23, 2023 order of the Sylvania Municipal Court denying his motion to vacate the default

judgment entered against him and in favor of Appellee, Universal Acceptance Corp.

Because the trial court did not address whether Olivarez rebutted the presumption that he had been served, the trial court’s judgment is reversed and the matter is remanded for the

court to decide this issue.

I. Background

{¶ 2} On August 21, 2017, Universal filed a complaint against Olivarez asserting a

claim for breach of contract. Universal alleged that Olivarez entered into an installment

loan contract in February 2017 for the purchase of a vehicle, Olivarez defaulted on the

contract, the vehicle had been repossessed and sold at auction, and Olivarez owed

Universal the remaining balance of the loan, $4,357.86, in addition to a $235

repossession fee. Attached to the complaint were the contract, a summary of the account

history, and a document evidencing the sale of the vehicle at auction.

{¶ 3} The complaint was sent by certified mail to Olivarez at 840 6th Street,

Apartment C, Bowling Green, Ohio. On August 25, 2017, someone, the identity of

whom is unclear, signed for the complaint. The recipient’s address was handwritten as

“840 6th.” Olivarez did not answer or otherwise enter an appearance. On November 9,

2017, the trial court granted default judgment in favor of Universal.

{¶ 4} A notice of garnishment proceedings was sent by certified mail to Olivarez

at 840 6th Street, Apartment C, in Bowling Green. On November 22, 2017, someone

whose signature appears to be Susan Orwig signed the recipient card. Olivarez’s wages

from his then-employer, Compass Group, USA, were garnished throughout 2018. Beginning in September 2022, Olivarez’s wages from Wood County Hospital also were

garnished.

{¶ 5} On January 6, 2023, Olivarez, acting pro se, filed a motion to vacate the

default judgment against him. He maintained that he had never lived at 840 6th St.,

Apartment C in Bowling Green and did not sign the certified mail receipt from August

2017. He also asserted that he did not know about this case until his wages were

garnished. Attached to Olivarez’s motion was a notarized page in which he attested to

the truthfulness of his assertions in the motion.

{¶ 6} In response, Universal presented a copy of Olivarez’s credit application that

listed his address as 840 6th St., Apartment C in Bowling Green. Because Universal used

the methods prescribed in Civ.R. 4.1 to serve Olivarez at the address he had provided in

his credit application, Universal argued that service was proper even if Olivarez did not

personally sign for the certified mail. Further, Universal argued that Olivarez did not

establish the elements of a Civ.R. 60(B) motion to vacate.

{¶ 7} Olivarez retained counsel who filed a reply on Olivarez’s behalf. In his

reply, Olivarez argued that Civ.R. 60(B) did not apply to a motion to vacate for lack of

service. Olivarez also argued that although a plaintiff’s compliance with Civ.R. 4.1

creates a rebuttable presumption of service, a defendant may rebut the presumption by

setting forth evidence that service was not accomplished. Because Olivarez had submitted uncontroverted evidence that he had not received service, Olivarez argued that

he had rebutted the presumption of service, and the default judgment was void.

{¶ 8} The trial court held a hearing on Olivarez’s motion on March 23, 2023.
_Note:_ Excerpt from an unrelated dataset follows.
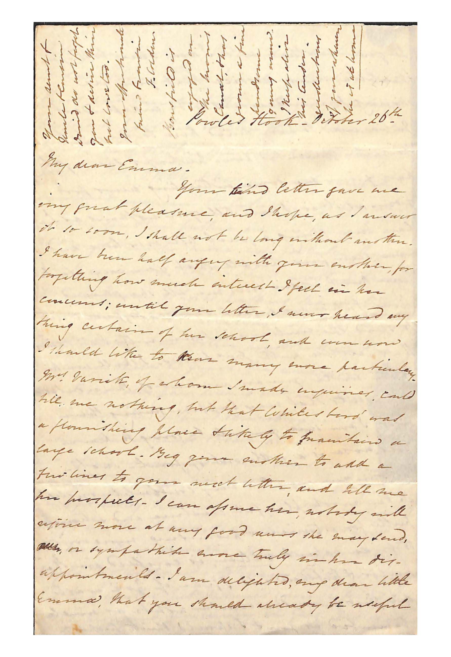 Your [?kind] letter gave me / my great pleasure, and I hope, as I answer / it so soon, I shall not be long without another. / I have been half angry with your mother for / forgetting how much interest I feel in her / concerns; until your letter I never heard any / thing certain of her school, and even how / I should like to hear many more particulars. / Mrs. Varick of whom I made inquiries could / tell me nothing but that Whitesboro was / a flourishing place + likely to maintain a / large school. Beg your mother to add a / few lines to your next letter, and tell me / her prospects. I can assure her. Nobody will / rejoice more at any good news she may send / or sympathise [sic] more truly in her dis - / appointments. I am delighted, my dear little / Emma, that you should already be useful /

Olivarez, who was the only person to testify, stated that when he bought the vehicle in

February 2017, he was living in Bowling Green, Ohio, but he did not have a permanent

address. Accordingly, on the credit application for the loan, he used his mother’s

address, 840 6th Street, Apartment C in Bowling Green; however, he maintained that he

never lived at that address. Olivarez also asserted that his mother no longer lived at that

address, but he was not sure when she moved.

{¶ 9} Next, Olivarez testified that he was familiar with his mother’s signature and

that the signature on the August 2017 certified mail card was not his mother’s nor was the

signature his. Olivarez asserted that he did not know if his mother ever received any mail

from the court, and he did not find out about this case until the end of 2022 when his

supervisor told him that his wages were being garnished.

{¶ 10} On cross-examination, Olivarez admitted that he had obtained a loan to

purchase the vehicle, he had defaulted on that loan, the vehicle had been repossessed, and

he owed Universal $4,592.86. When asked whether he disputed that someone at his

mother’s address signed for the complaint, Olivarez said, “Someone did sign for it. I just

don’t know who.” {¶ 11} Following the parties’ arguments, the trial court found that there was

effective service, pointing out that service was made at the address Olivarez gave on his

credit application. The court explained as follows:

There is service received at that address. He disputes that’s his mother’s

signature. Be that as it may, there’s no testimony that his mother wasn’t there. So

based on the facts that remain, it appears that service was appropriate to his

mother. It doesn’t have to be him. And I find there is effective service, and I will

deny the motion to set aside motion to vacate judgment for that reason. And the

garnishment is to proceed.

{¶ 12} The court also issued a written order following the hearing:

Court finds service was proper. Defendant testified he provided his mother’s

address on loan and purchase documents. Service by certified mail was made at

that address and there was no testimony from mother that she did not live there

when service was made. Defendant testified that his mother had moved, but did

not know when. Motion to vacate is denied. Garnishment to proceed.

II. Assignment of Error

{¶ 13} Olivarez appeals the trial court’s order denying his motion to vacate,

asserting the following assignment of error: The trial court erred in denying Appellant’s motion to vacate because Appellant

presented unrebutted testimony and supporting evidence that he never received

service.

III. Law and Analysis

{¶ 14} In support of his assignment of error, Olivarez argues that even if a

presumption of good service arose in this case, Olivarez rebutted the presumption

through his uncontroverted testimony that he never received notice of the proceeding.

Universal contends that Olivarez’s self-serving testimony was insufficient to rebut the

presumption of good service.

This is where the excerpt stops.